Lehrer fürchten Nachteile für Förderschüler
Ab kommender Woche gilt der Rechtsanspruch auf Inklusion. Er ist umstritten.
Bielefeld/Düsseldorf. Wenn Sonderpädagogin Sarah Drexelius Englischunterricht gibt, dann sitzen vor ihr gerade mal elf Schüler. Die anderen sind nicht etwa krank — diese Klassengröße ist an der Bielefelder Bonifatiusschule Alltag. Sie ist eine Förderschule. Dort können beeinträchtigte Schüler individuell und geschützt lernen.
Von kommender Woche an greift in NRW nun ein Rechtsanspruch für behinderte Kinder auf Unterricht in einer Regelschule — zunächst in den Eingangsklassen 1 und 5. Eltern können sich aber auch weiter für spezielle Förderschulen entscheiden.
Für die Kinder bedeutet der Besuch einer solchen Schule oft Ausgrenzung von gesellschaftlicher Teilhabe und beruflichen Möglichkeiten. Das Inklusionsgesetz soll dies verhindern. Obwohl niemand gemeinsames Lernen von Kindern mit und ohne Behinderung grundsätzlich infrage stellt, haben Förderlehrer aber Sorgen, wie ihre Schützlinge künftig in Regelschulen betreut werden.

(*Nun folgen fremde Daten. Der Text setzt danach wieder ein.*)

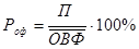 - характеризує обсяг виробленої продукції на одиницю спожитої вартості основних засобів. Розраховується за формулою: Рентабельність (Р)
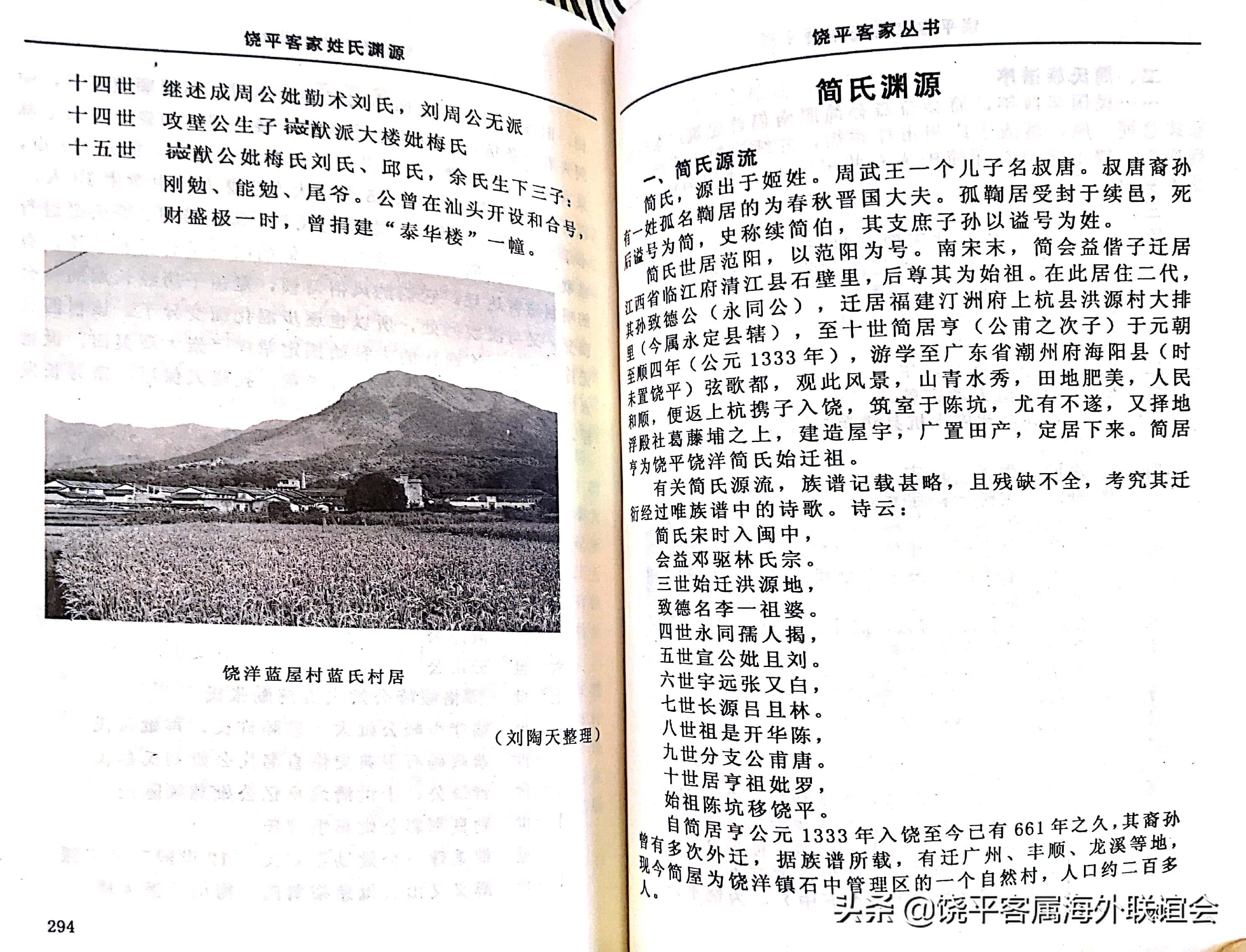 下面为《饶平客家姓氏渊源》书中部分内容影印件,全书内容如有需要可联系广东饶平客属海外联谊会秘书处索取影印件。

Zum Beispiel ein Kind wie der elfjährige Ganja. Auch er sitzt im Englischunterricht von Frau Drexelius. An diesem Morgen ist er schlecht drauf. „What’s your name?“, fragt ihn ein Klassenkamerad. „Seh’ ich so aus, als ob ich antworten will?“, patzt Ganja ihn an. Dann legt er seinen Kopf auf den Tisch.
„Gestern hat ein anderes Kind vor Wut einen Tisch in die Luft gehoben und gedroht, ihn auf uns zu werfen“, erzählt ihre Kollegin Silke Kurth. Situationen wie diese bekommen beide in der Regel schnell unter Kontrolle. Doch wie würden die Lehrer auf einer Regelschule mit seinem Verhalten umgehen — ohne sonderpädagogische Ausbildung und mit 25 weiteren Schülern, um die sie sich kümmern müssen?
Mancher Regelschullehrer, so sieht es Schulleiterin Reinhild Saal, könnte dann schnell an seine Grenzen stoßen. Saal fürchtet zudem, dass auf einer allgemeinen Schule die Lehrerstellen zu knapp bemessen sind, um den Kindern gerecht zu werden. Im NRW-Schulministerium hingegen hält man die künftige personelle Besetzung an den Regelschulen für eine gute Grundlage.
Insgesamt sollen rund 3200 neue Lehrerstellen für inklusives Lernen zur Verfügung gestellt werden. Umfangreiche Weiterbildungsangebote würden den allgemeinen Lehrkräften das nötige Wissen vermitteln, um die neuen Herausforderungen zu meistern, versichert ein Sprecher.